Od kolejnego wstrząsu zadzwoniły mu zęby.
Spróbował skupić wzrok.
Sala była pełna krasnoludów pracujących przy kilku długich blatach. Ale na drugim końcu cala grupa stała wokół czegoś, co wyglądało na skomplikowaną machinę tkacką.
Znowu huknęło.
William roztarł czoło.
— Co się dzieje? — zapytał.
Najbliższy krasnolud spojrzał na niego z dołu i nerwowo szturchnął sąsiada. Szturchnięcie przemieściło się, przekazywane wzdłuż szeregów, aż całą salę od ściany do ściany wypełniło czujne milczenie. Kilkanaście poważnych krasnoludzich twarzy spoglądało na Williama w skupieniu.
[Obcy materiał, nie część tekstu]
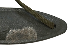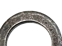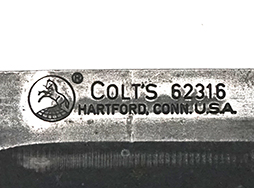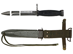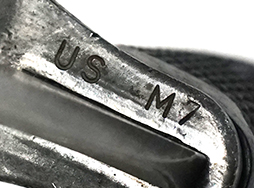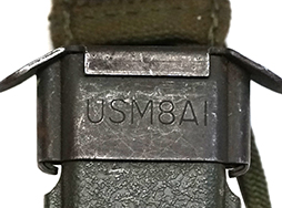 刃にはコルト社の刻印と、[COLT’S 62316] [HARTFORD, CONN. U.S.A]の刻印が見られ、ヒルト部には[MADE IN W. GERMANY US M7]と刻印が打たれています。 スキャバードには「USM8A1」の刻印が見られます。 口金にはやや表面錆が見られますが、こちらも大きな破損や変形は見られません。 スキャバード本体にも大きな割れや欠けは見られず、銃剣の収納も問題なく行うことが可能です。 コットン製の剣吊部にもやや汚れや金具の錆が見られますが、スナップ・ボタンの機能も健在です。 (MD)- 詳細画像

Nikt nie potrafi wpatrywać się z większym skupieniem od krasnoluda. Pomiędzy przepisowym żelaznym hełmem a brodą pozostaje już bardzo niewiele miejsca, dlatego wyrazy twarzy krasnoludów są bardziej skoncentrowane.
— Ehem — powiedział William. — Halo…
Jeden z krasnoludów przy wielkiej maszynie ożywił się pierwszy.
— Wracajcie do pracy, chłopcy — rzekł.
Podszedł i surowo spojrzał Williamowi w krocze.
— Dobrze się szanowny pan czuje?
William się skrzywił.
— Tego… Co się stało? Ja, no… Pamiętam, że zobaczyłem wóz, a potem coś mnie trafiło…
— Wyrwał się nam — wyjaśnił krasnolud. — Ładunek też się zsunął. Przepraszamy.
— A co się stało z panem Dibblerem?
Krasnolud przekrzywił głowę.
— Ten chudy człowieczek z kiełbaskami? — upewnił się.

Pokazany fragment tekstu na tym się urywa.